Cirigliano is just one of many facing the same plight.

Ohana Grill in Lavallete has been closed since Sandy ransacked the town in October.

"Between the winds that knocked the power lines down and the surge of water that overtook the barrier island, our restaurant was in bad shape," restaurant owner and Head Chef James Costello said.

Winds gusted to near 90 mph in the hardest-hit areas of New Jersey, knocking out power to more than 2.4 million customers. Sandy's destructive winds were responsible for more than double the number of power outages caused by Irene in 2011.

Ohana Grill, which opened two years ago, received one and a half feet of water damage and required Costello to replace the floor and 4 feet of the bottom sheetrock. What was salvaged sits in storage, awaiting the restaurant's official reopen.

"Every time we meet with the landlord we feel his frustration that to date none of his insurance claims have even come close to settling. Basically, right now we are building in the 'hopes' that everything being spent will be covered," Costello said.

Costello says it has been a "leap of faith" for him and his wife.

"I had a discussion with my wife prior to beginning the rebuilding process that there was a possibility that we would take on substantial debt to reopen. We decided, together, to go forward. This had always been our dream together and we couldn't let this storm take it away," he said.

Despite a hopeful attitude, the coast is draped with concern, from both business and homeowners alike.

Sandy damage is still rampant along the coast five months post-storm. Entire streets are vacant in some towns. Photo courtesy of AccuWeather.com's Senior Videographer David Defilippis.

"I think we will see people returning to Seaside to support the businesses that are back opened, but I fear that the rentals and hotels they used to stay in may not be reopened in time...," Cirigliano said.

Businesses to the north of Casino Pier were severely impacted, and Cirigliano questions whether they will ever return.

"I know the phones have been ringing about the summer, and that is keeping us optimistic. If the amount of people in town on the weekends so far is any indication, things will be good."

But for homeowners, there is a dangerous mixed message of preparedness for the summer season and disrepair in the community.

Faith Ligouri, a resident of Seaside Park, has returned to her home but has not yet been able to restore the first floor, which sustained severe water damage and has since been gutted.

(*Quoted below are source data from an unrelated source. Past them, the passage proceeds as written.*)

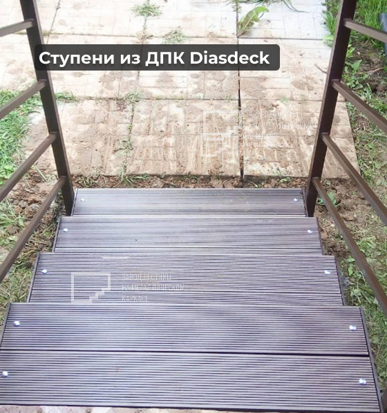 Установлены из ДПК-доски Diasdeck (древесно-полимерный композит). Это долговечный, влагостойкий и антискользящий материал, идеально подходящий для уличных условий.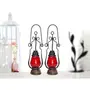 Red Wooden Glass Lantern Size(LxBxH-4.5x4.5x15.25) Inch Pack Of 2 Set a cozy romantic vibe at your home with this beautiful pink wooden lantern from Desi Karigar. Exuding a blend of contemporary and traditional touch this lantern can be placed on your bed side table or hung in your balcony. Fit a bulb inside the lantern and relax in the aura of soft warm light. Inspired by vintage beauty this lantern will add a unique accent to the decor of your home. It is a wonderful gifting option for your family and friends this festive season.Colour :-Red Material Used :- wood iron and glass Package Contents :- 2 Lantern"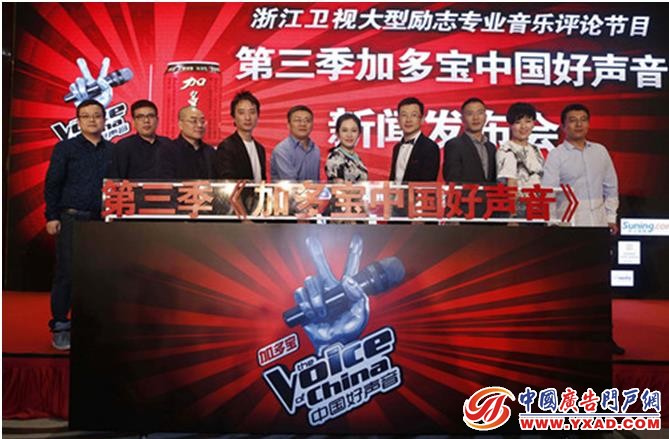 4月25日,被称作“现象级栏目”的加多宝中国好声音宣布强势启动第三季征程。启动仪式现场,加多宝好声音促销装也一同揭幕,中国好声音V型标志首次出现在加多宝红色罐身上。随着又一个好声音季的到来,一轮“V型标志”狂潮即将席卷而来。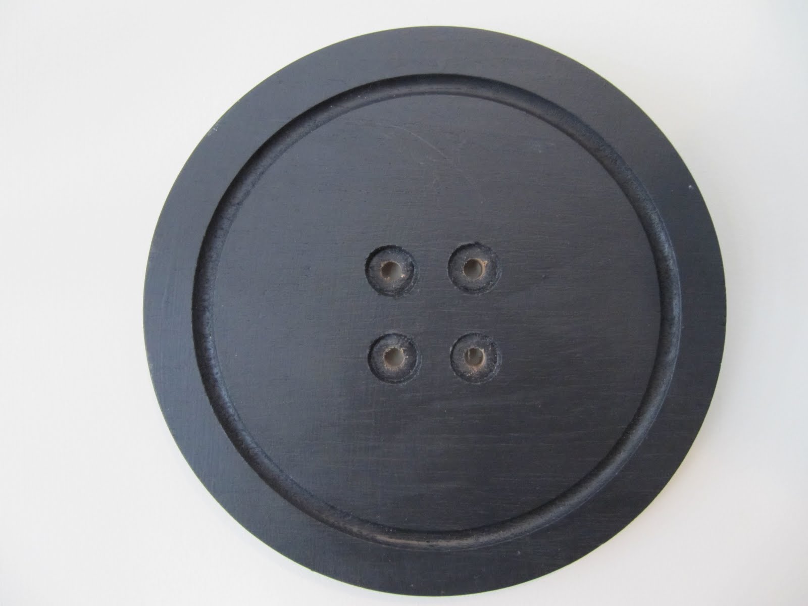 My mom loved teak wood...anything teak wood. She would buy it all in yard sales and thrift stores. Well, I think she cringed a little from up above when I took a drill and a paint brush to one of her pieces. I had one of her cheese boards tucked away in a closet...within minutes, look how darn cute it turned out. I think she's ok with it, because she was the best seamstress ever and would love this button!

"I'm excited today because B&B is open, a local store down the street," Faith told AccuWeather on March 16. "I'm happy to see them back."

"I don't want to discourage people from coming and visiting, it's important to our businesses and our economy but I would beg the world, honestly, to understand that we are not whole. And we will not be whole for years to come because we all have to face, how are we going to rebuild our homes," she said. "And no one can give us a clear and financially do-able answer to that."

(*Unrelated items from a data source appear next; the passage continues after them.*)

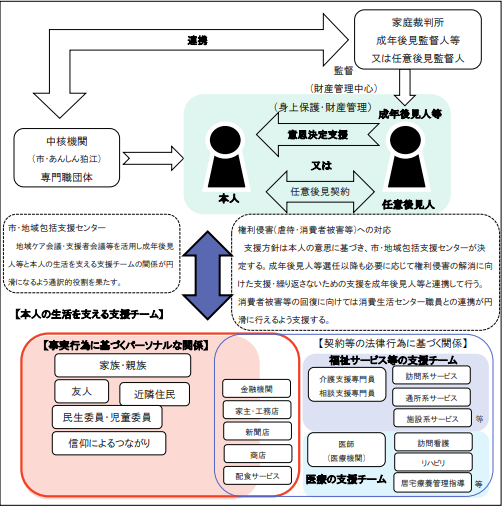 「権利擁護支援の必要な人の発見・支援」、「早期の段階からの相談・対応体制の整備」、「意思決定支援・身上保護を重視した成年後見制度の運用に資する支援体制の構築」という3つの役割を念頭に、既存の保健・医療・福祉の連携(医療・福祉につながる仕組み)に司法も含めた連携の仕組みを構築するものとされ、「チーム」「協議会」「中核機関」を構成要素とします。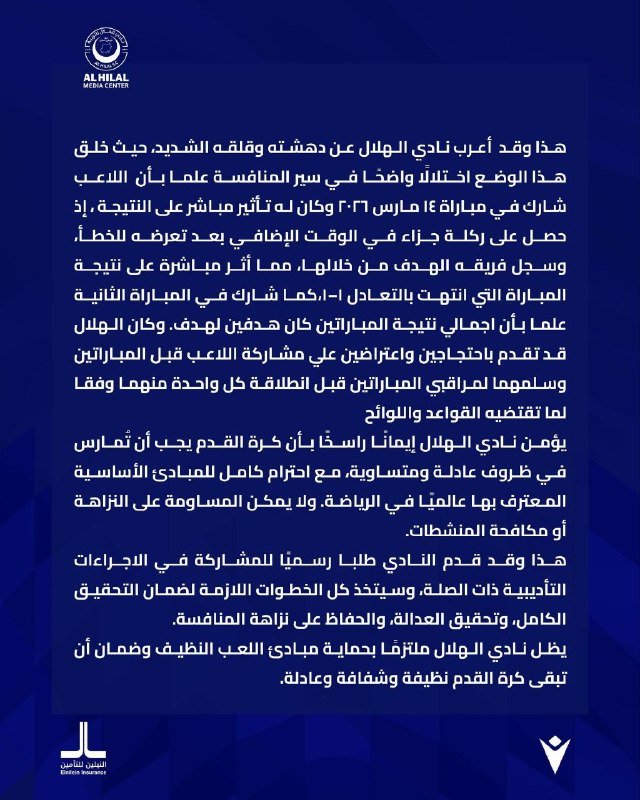 قدم الهلال الشكوى بعد مشاركة اللاعب رغم صدور قرار سابق بإيقافه بسبب مخالفة تتعلق بالمنشطات.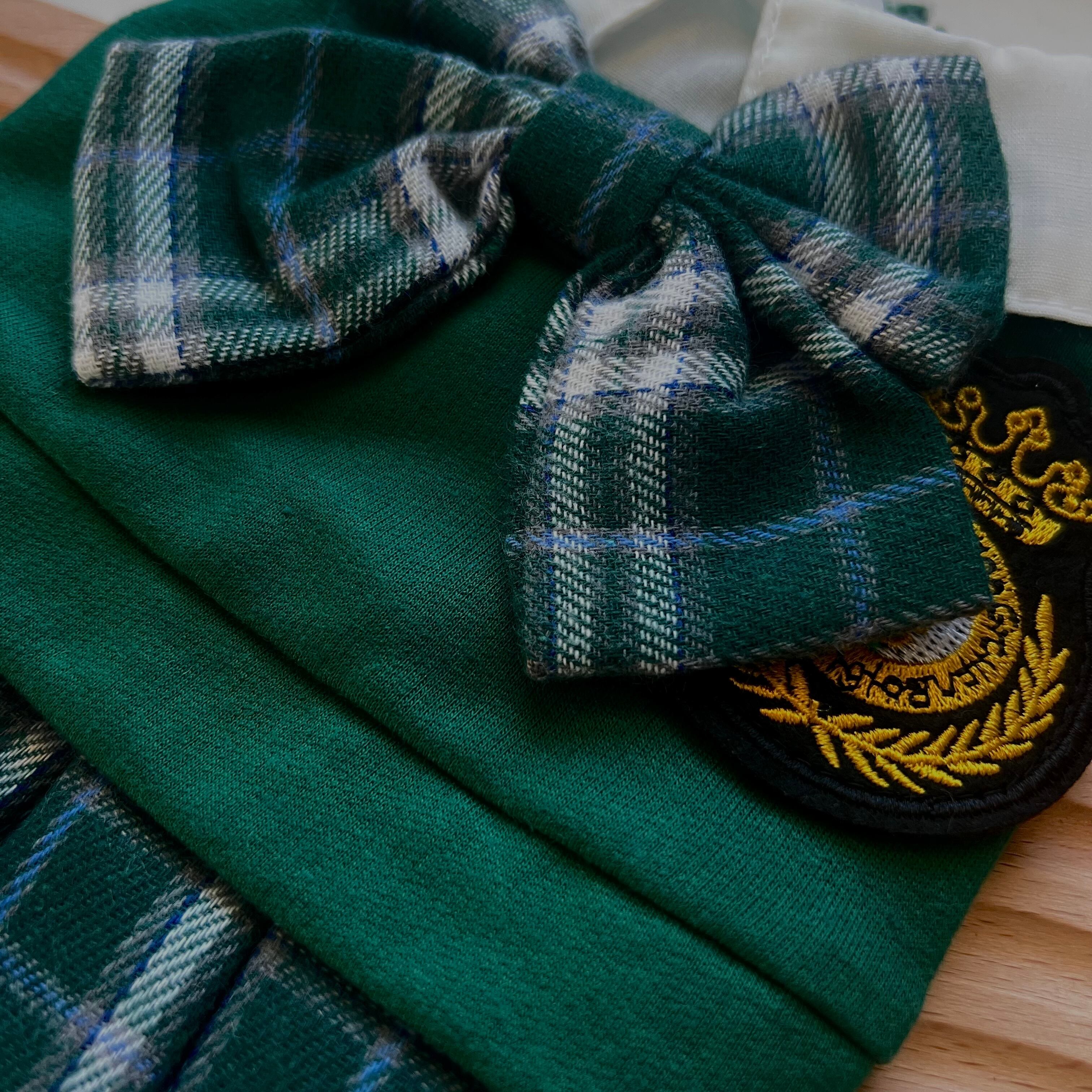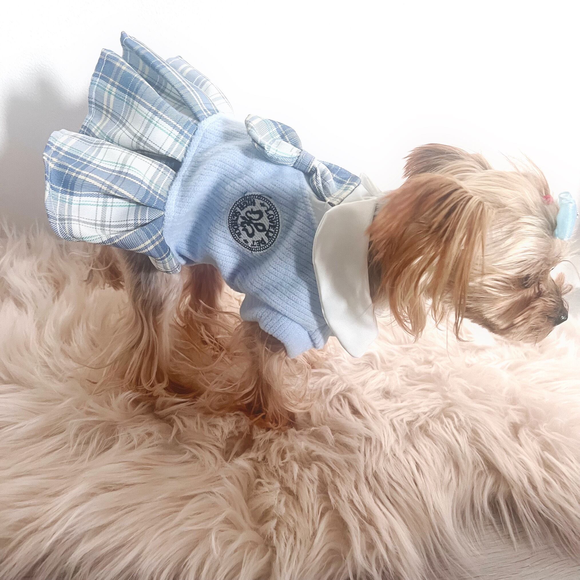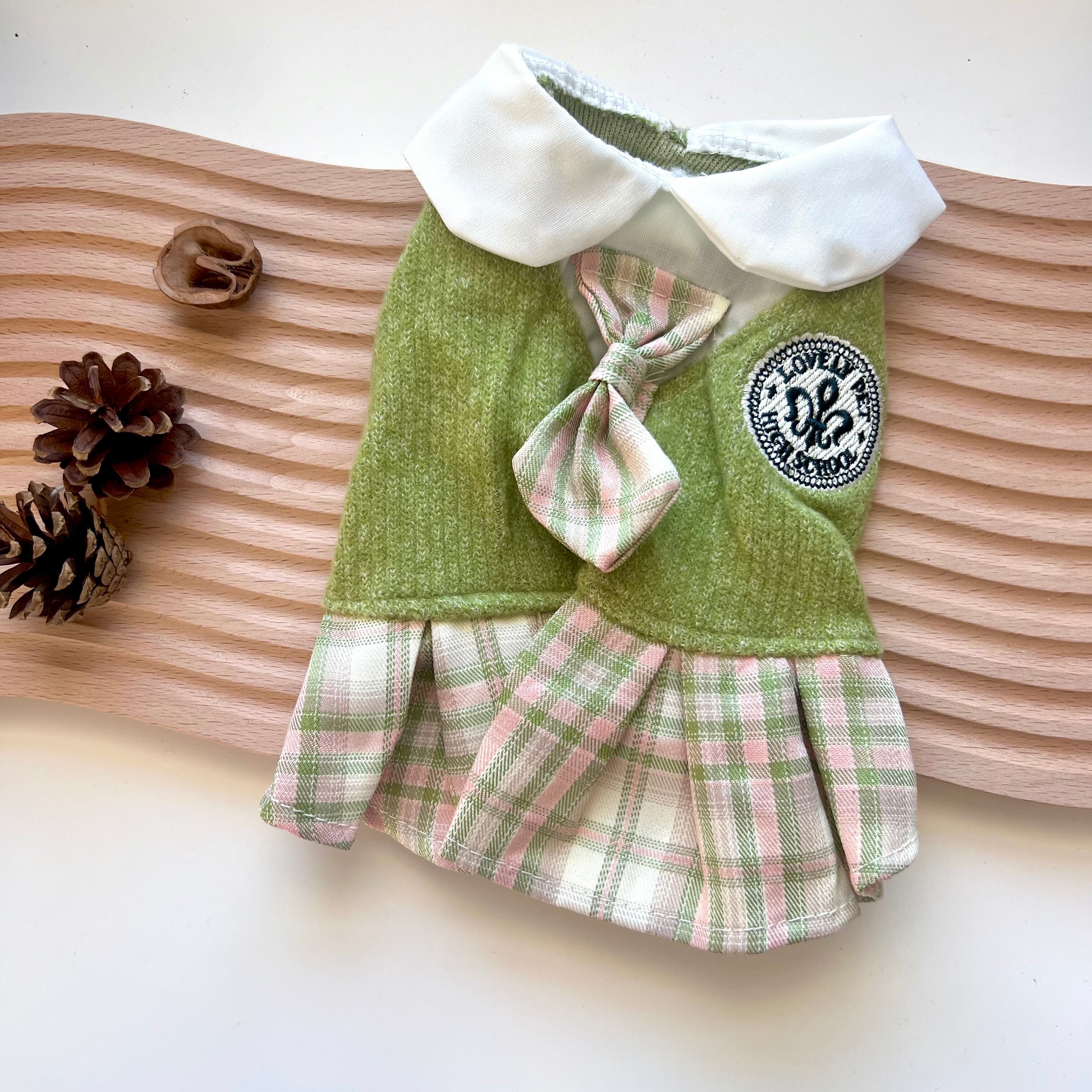 わんちゃんも学校に通っているような気分が味わえる、スクールガールワンピースのご紹介です。チェック柄スカートと白ブラウスのワンピースは、まさに学生の制服を思わせるデザインで可愛らしいです。

The elusiveness of federal mitigation grants and insurance payouts is breeding frustration in the community.

"I feel like there is a perception that the Jersey Shore is wealthy or these are people's second homes and that's really not true. These are our primary homes. And we need support, financially, emotionally and physically," Ligouri said.

"And that's what I'd like people to know. While our streets may be clean, our houses are empty."